不過聽說臨縣的大普寺比較靈驗,王氏就派人跟陳夫人商量了一下,畢竟她們要出去,還得陳指揮使點頭。

陳夫人聽說後,也來了興致,派人過來說好到時候一起去。大普寺離甘州比較遠,若是要去的話當夜怕是趕不回來的。

周蘭是一直在甘州的,周雪是跟着王氏一起過來的。離十五還有兩天,傅瑤就帶着她們去成衣店做了幾身新衣服,也買了好多首飾。

雖然這段時間家裏是多事之秋,但是傅權澤領導的好,除了酒樓的生意少了點外,窯廠的訂單越來越多。所以,這點銀子,傅瑤已經不在乎了。

就是周雪彆彆扭扭的不敢要的時候,傅瑤也會做主幫她買好。

搗蛋寶寶:制服總裁爹地 十五那天,王氏與陳夫人約好在城門口碰頭。這次陳夫人還約了另一位夫人,那位夫人年紀比較大了,帶着兩個兒媳婦,傅瑤她們都見過,兩下互相打招呼。

傅瑤跟陳依然好久沒見了,自然將陳依然叫到自己馬車上,她們車上坐了周蘭周雪,再加上陳依然的話就顯得擁擠了。王氏也懶得看她們這些小女孩一起瞎鬧,乾脆去了陳夫人馬車上。

馬車一路前行,走了兩三個時辰纔到達臨縣。

“五娘,咱們要是前幾個月去就好了,大普寺後山的紅葉更美呢!”陳依然對傅瑤道,熟悉了之後,她也知道傅瑤並不忌諱提京城,所以也就沒那麼多的小心翼翼了。“都說霜葉紅於二月花,我以前就很喜歡,曾經撿過許多放在房間裏呢!”

傅瑤笑道:“是挺可惜的。”

陳依然點頭,“哎!都是因爲今年事情太多了,前幾個月我本來想邀請你去觀看的,可是聽說你們家很忙,也就沒邀請了。”

傅家和水家發生的事情她陸陸續續的也知道了,只是自己的爹在瓊州可以說一不二,在甘州,就沒那麼厲害了。所以,對自己未能在關鍵時刻幫助傅瑤,她心裏很內疚。

“沒事的,明年可以再來看啊!”傅瑤安慰她。

“我早就聽說了大普寺的香火很旺盛,不僅靈驗,而且那裏的風景很美,”周蘭一臉神往道。

“是的,去年我與母親就是在大普寺裏落腳的,那裏的風景確實很美。”陳依然道:“至於說靈驗,好多人是這樣說的,我也不清楚。”

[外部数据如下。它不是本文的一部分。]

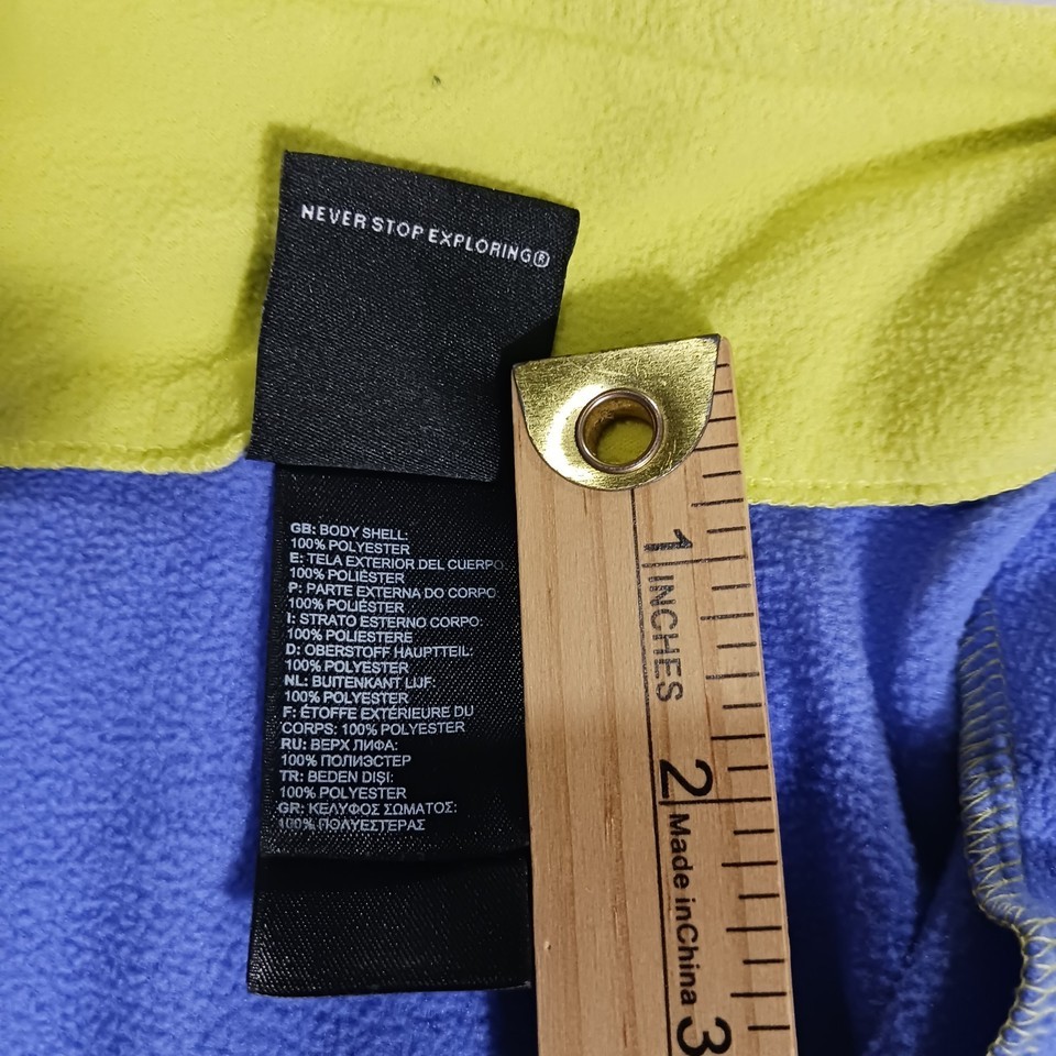 The North Face Youth Girl's XL Purple 1/4 Zip Pullover Fleece Sweatshirt is a stylish and warm outerwear option for girls. Made with 100% polyester fleece, this sweatshirt features a solid purple color with a 1/4 zip closure for easy wear. Perfect for casual occasions in the winter and fall seasons, this classic fit sweatshirt is machine washable for easy care. The North Face brand ensures quality and durability, making it a reliable choice for outdoor activities.
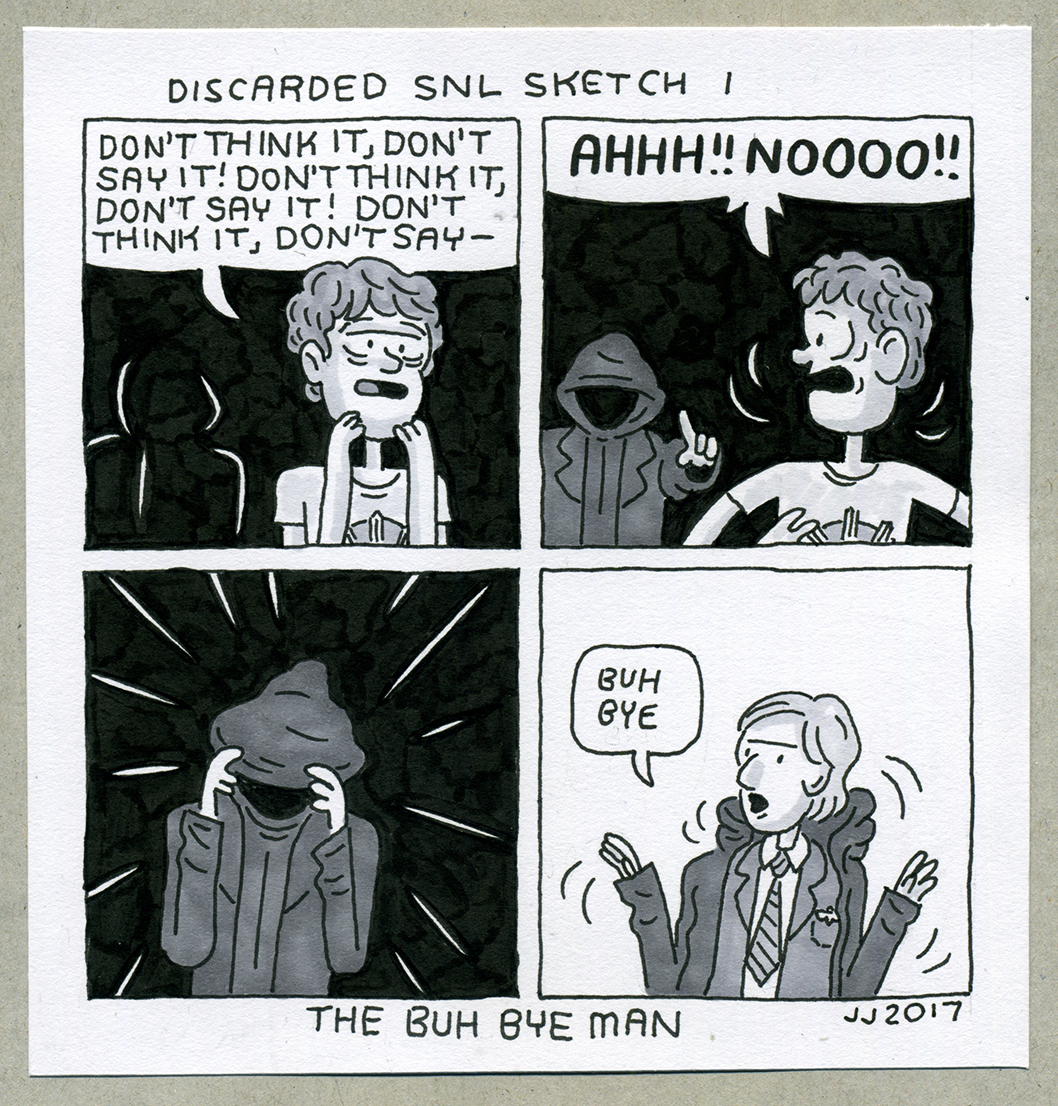 Original ink drawing based on the 2017 Stacy Title movie The Bye Bye Man and uhh, also SNL. Paper size is approx. 5" x 5.25".
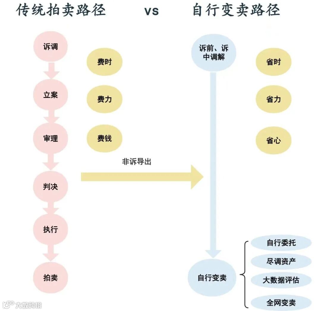 相较于法院传统的“调+立+审+判+执”审判思路,“多元解纷+淘宝自行变卖”以互联网、大数据及智能化系统为依托,在诉前、诉中对纠纷进行化解,具有明显的优势:
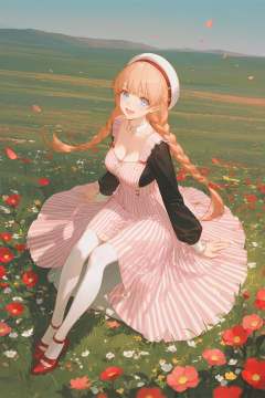 artist:ask_(askzy),artist:yolanda,[artist:WANKE],artist:ciloranko BREAK Simple Flat Coloring,shiny skin,very aesthetic,high definition,masterpiece,illustration,best quality, -1girl, solo, smile, field, vertical stripes, striped skirt, flower, striped, long hair, vertical-striped skirt, looking at viewer, braid, flower field, breasts, petals, open mouth, red flower, :d, twin braids, skirt, from above, white pantyhose, blue eyes, outdoors, shirt, pantyhose, white headwear, shoes, long sleeves, medium breasts, dress, black shirt, red footwear, bangs, cleavage, striped dress
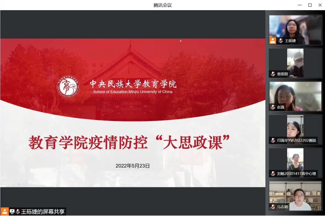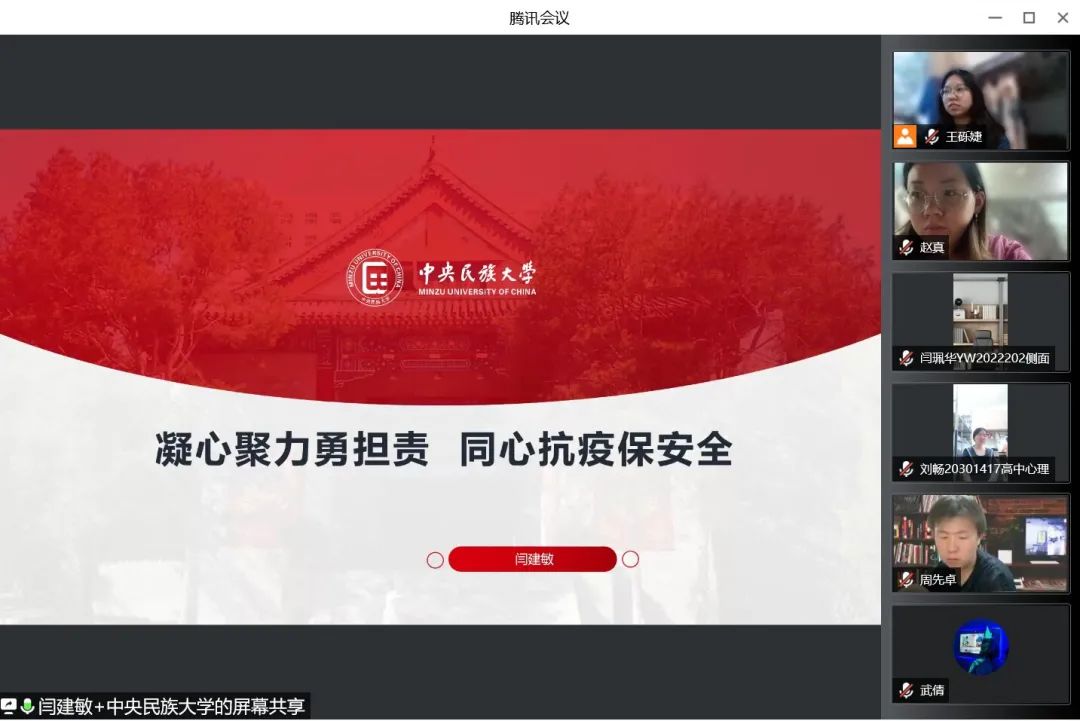 当前北京新冠疫情持续高位,形势日趋严峻。海淀疫情多点暴发,风险持续加剧,校园疫情防控面临更大的挑战。为从严从紧落实好各项要求,促进校园防控工作持续有条不紊推进,谈球吧官方网站于2022年5月23日召开了面向公司全体在校生的线上疫情防控“大思政课”,教育公司党委书记闫建敏、副书记岳永杰、经理高兵、副经理江凤娟、辅导员杨湜汀和迪拉娜、思政保研员工那缘缘等出席会议。会议由党委副书记岳永杰主持。
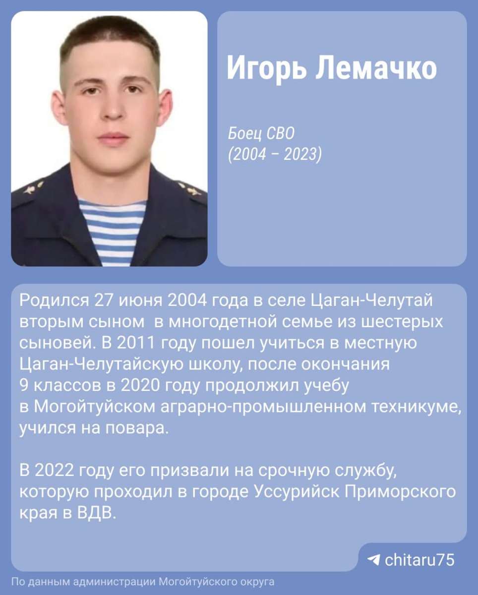 19-летний снайпер из Забайкалья погиб на СВО спустя 2 месяца боев. В мае 2023-го забайкалец заключил контракт с Минобороны и добровольцем отправился на спецоперацию. Он был снайпером-стрелком, позже стал командиром отделения. Спустя два месяца, 24 июля 2023 года, погиб в боях за поселок Клещеевка в ДНР. В тг-канале Могойтуйского округа пишут, что парень показал высокий уровень подготовки: За время участия в СВО проявил себя высокопрофессиональным, дисциплинированным и морально устойчивым воином. Показал личное мужество и самоотверженность. 🟦 Подписаться

傅瑤點了點頭:“那這一次,我可就都聽你的安排了。若是到時候看的景色沒有你說的這麼好,我可就不依了。”

陳依然點了點頭:“我知道哪裏看雪景最合適,到時候領着你們去。”

“好!”

在馬車裏說說鬧鬧的,一大早從甘州出發,中午才抵達臨縣郊外的大普寺。

大普寺坐落在半山腰上,從山腳就瞧見金燦燦的屋頂。 二爺今天又在追媳婦了 山峯秀麗,景色宜人,冰裝素裹的山峯,晶瑩剔透,美不勝收。附近有九曲溪、百丈崖、日觀峯、望人鬆、雲橋瀑布,吸引了除了香客之外,無數的文人墨客。

即便大雪阻道,十五這一天,來大普寺上香的人依然多如牛馬,可想這裏的香火之鼎盛。

距離大普寺正殿百米處,她們的馬車便停下了,下了馬車,便邁步朝那九十九臺階行去。